WORK ITEM
In the entries below, find the line with "Shrimp, rice noodles, bean" and the line with "En skön T-shirt". Repeat exactly everything between them, those two lines included, but not the pictures.

ENTRIES PROVIDED

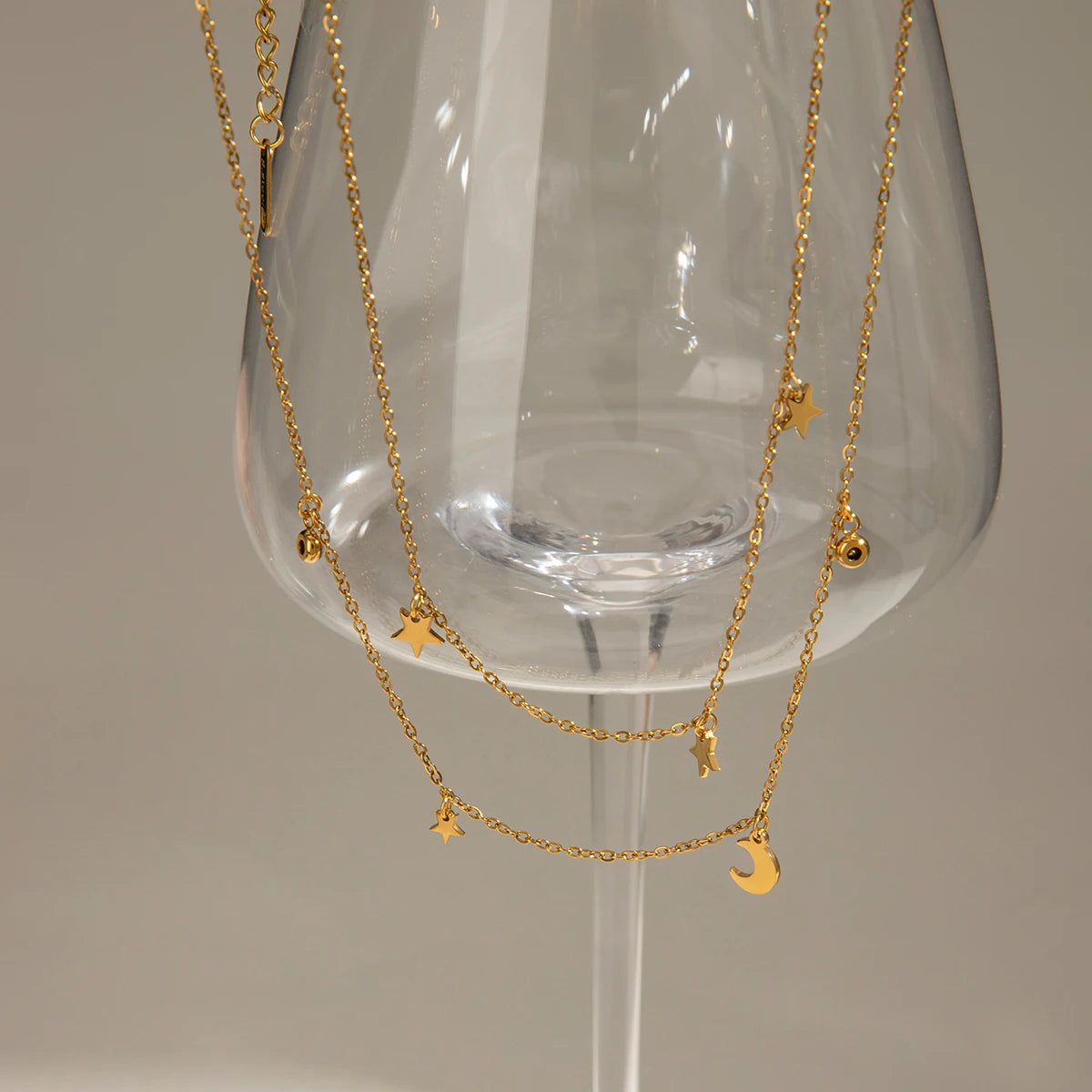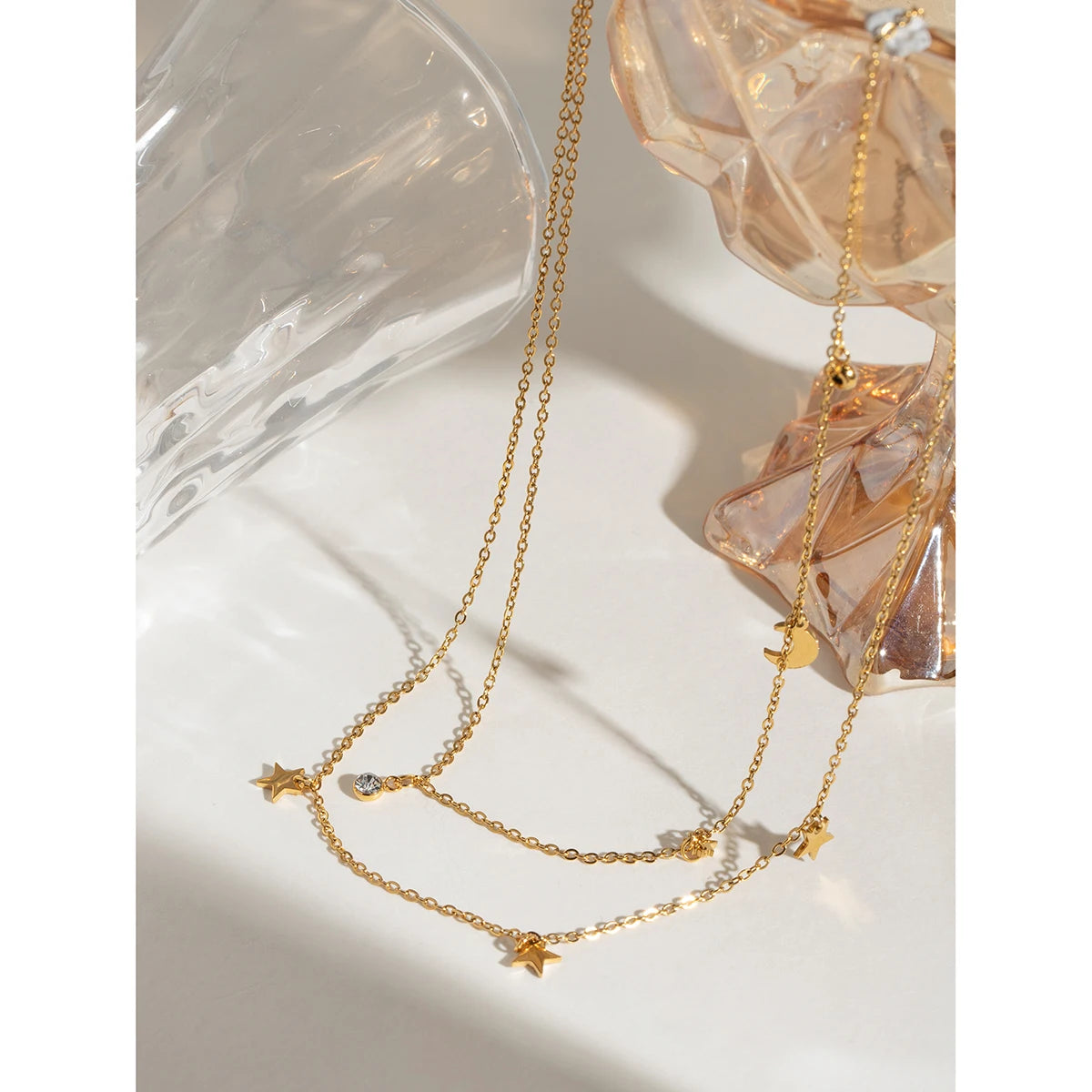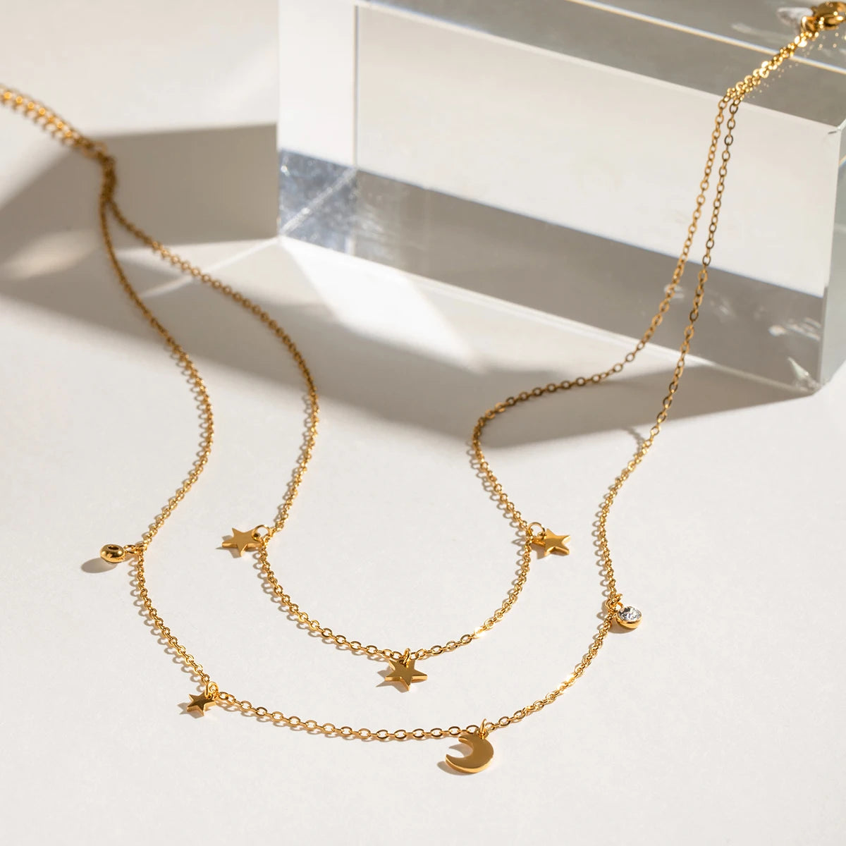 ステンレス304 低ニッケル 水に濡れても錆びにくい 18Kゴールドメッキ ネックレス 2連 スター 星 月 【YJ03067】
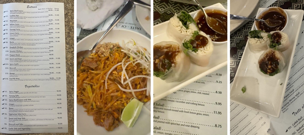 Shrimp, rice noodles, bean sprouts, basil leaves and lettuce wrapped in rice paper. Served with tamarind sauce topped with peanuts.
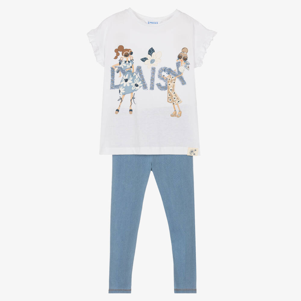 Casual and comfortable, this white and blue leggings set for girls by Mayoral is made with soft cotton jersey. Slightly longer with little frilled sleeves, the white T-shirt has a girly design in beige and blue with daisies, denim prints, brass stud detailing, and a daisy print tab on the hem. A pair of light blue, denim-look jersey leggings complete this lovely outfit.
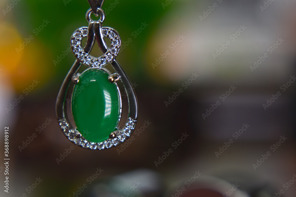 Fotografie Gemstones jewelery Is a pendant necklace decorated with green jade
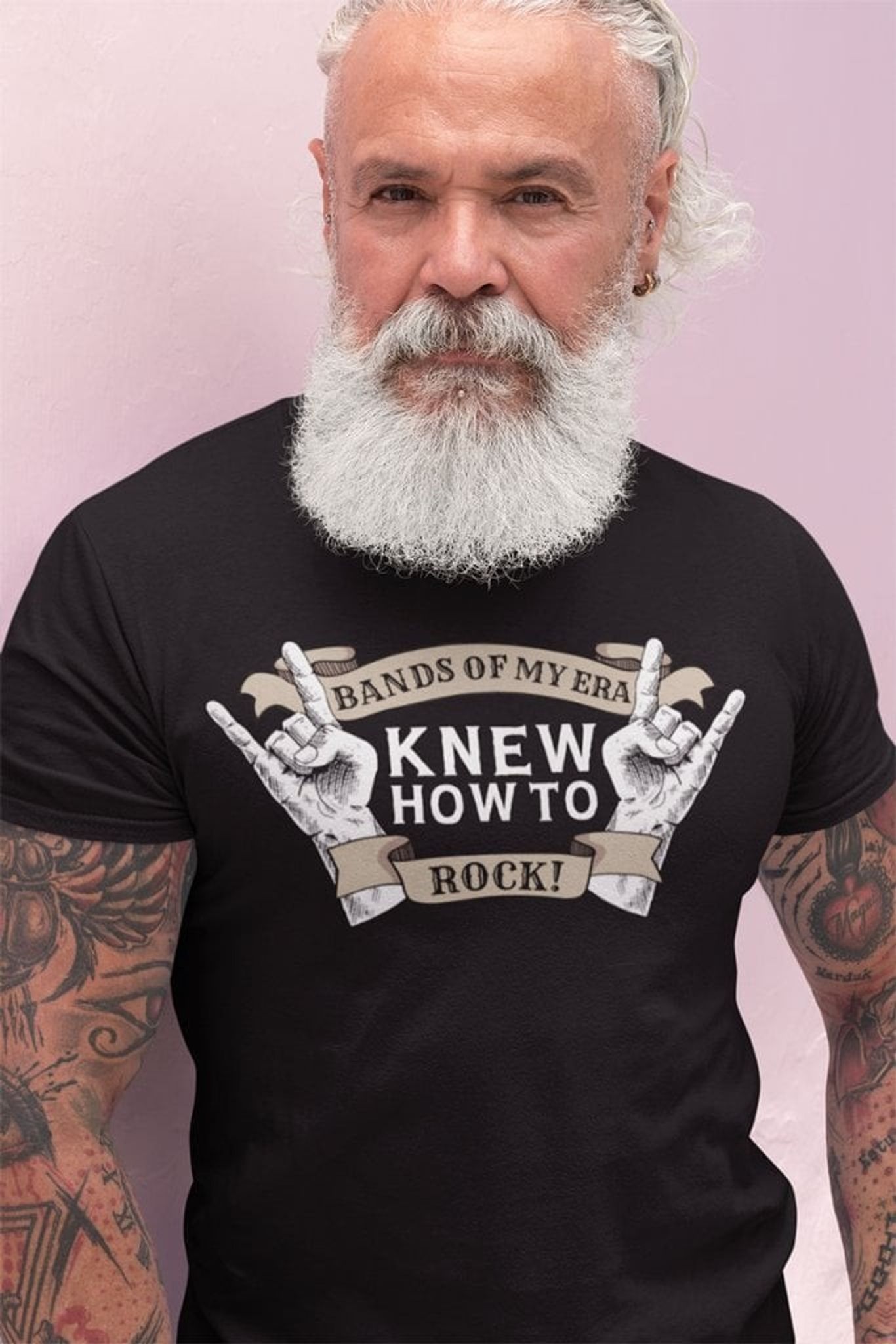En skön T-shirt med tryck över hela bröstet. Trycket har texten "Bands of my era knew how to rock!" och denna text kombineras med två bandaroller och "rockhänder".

...

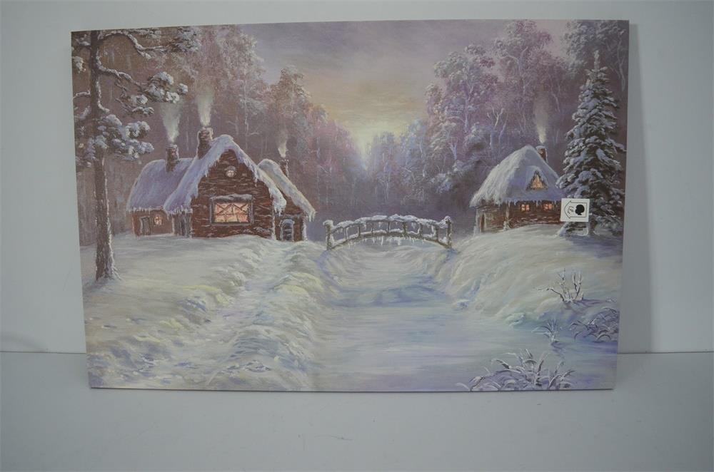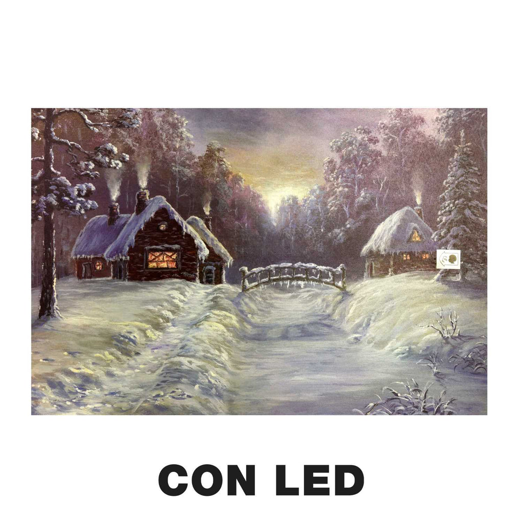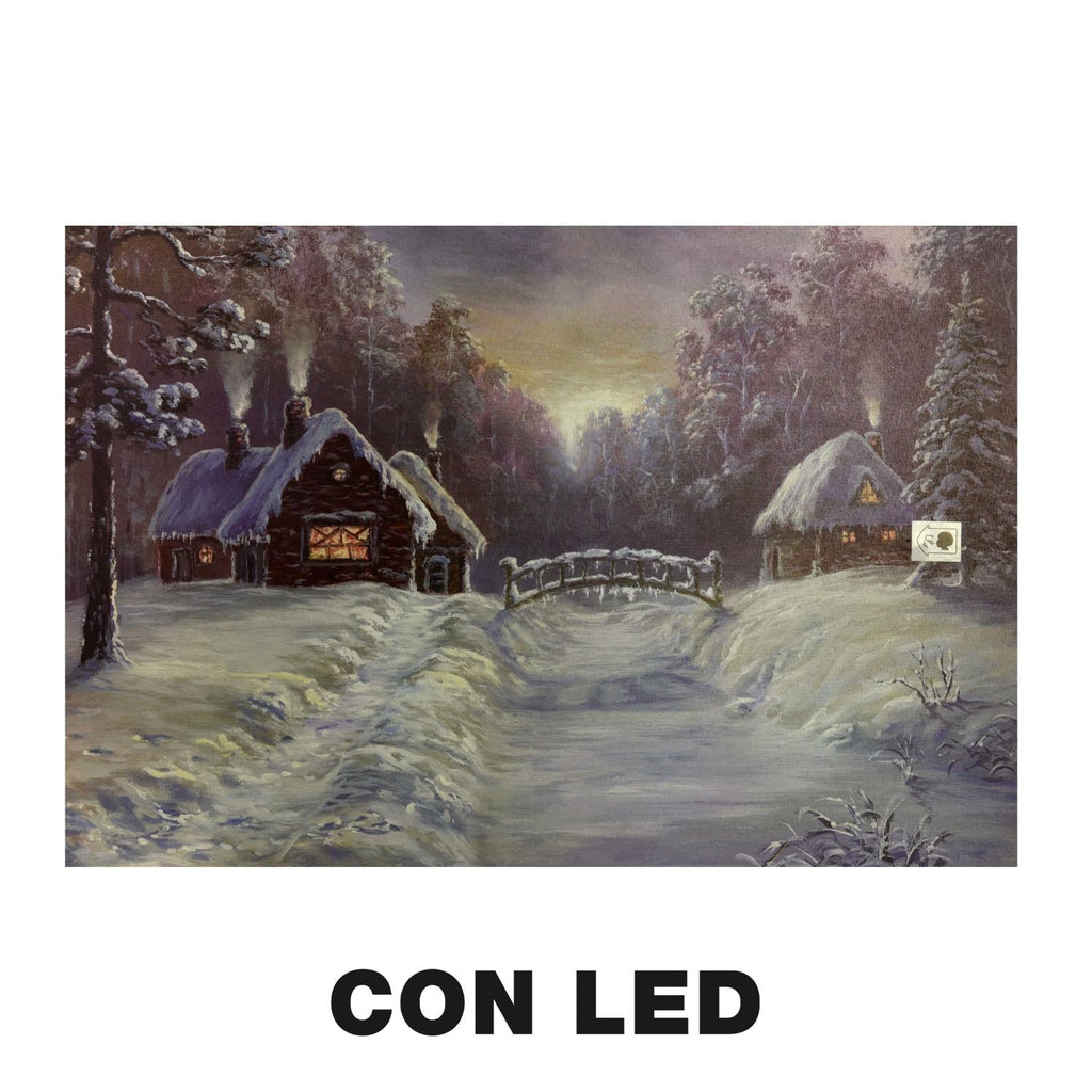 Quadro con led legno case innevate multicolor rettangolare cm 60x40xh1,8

...

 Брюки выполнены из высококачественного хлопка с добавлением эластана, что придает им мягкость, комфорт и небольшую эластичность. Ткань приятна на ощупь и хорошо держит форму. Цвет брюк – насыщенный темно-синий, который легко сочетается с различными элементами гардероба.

EXERCISE OUTPUT
 Shrimp, rice noodles, bean sprouts, basil leaves and lettuce wrapped in rice paper. Served with tamarind sauce topped with peanuts.
 Casual and comfortable, this white and blue leggings set for girls by Mayoral is made with soft cotton jersey. Slightly longer with little frilled sleeves, the white T-shirt has a girly design in beige and blue with daisies, denim prints, brass stud detailing, and a daisy print tab on the hem. A pair of light blue, denim-look jersey leggings complete this lovely outfit.
 Fotografie Gemstones jewelery Is a pendant necklace decorated with green jade
En skön T-shirt med tryck över hela bröstet. Trycket har texten "Bands of my era knew how to rock!" och denna text kombineras med två bandaroller och "rockhänder".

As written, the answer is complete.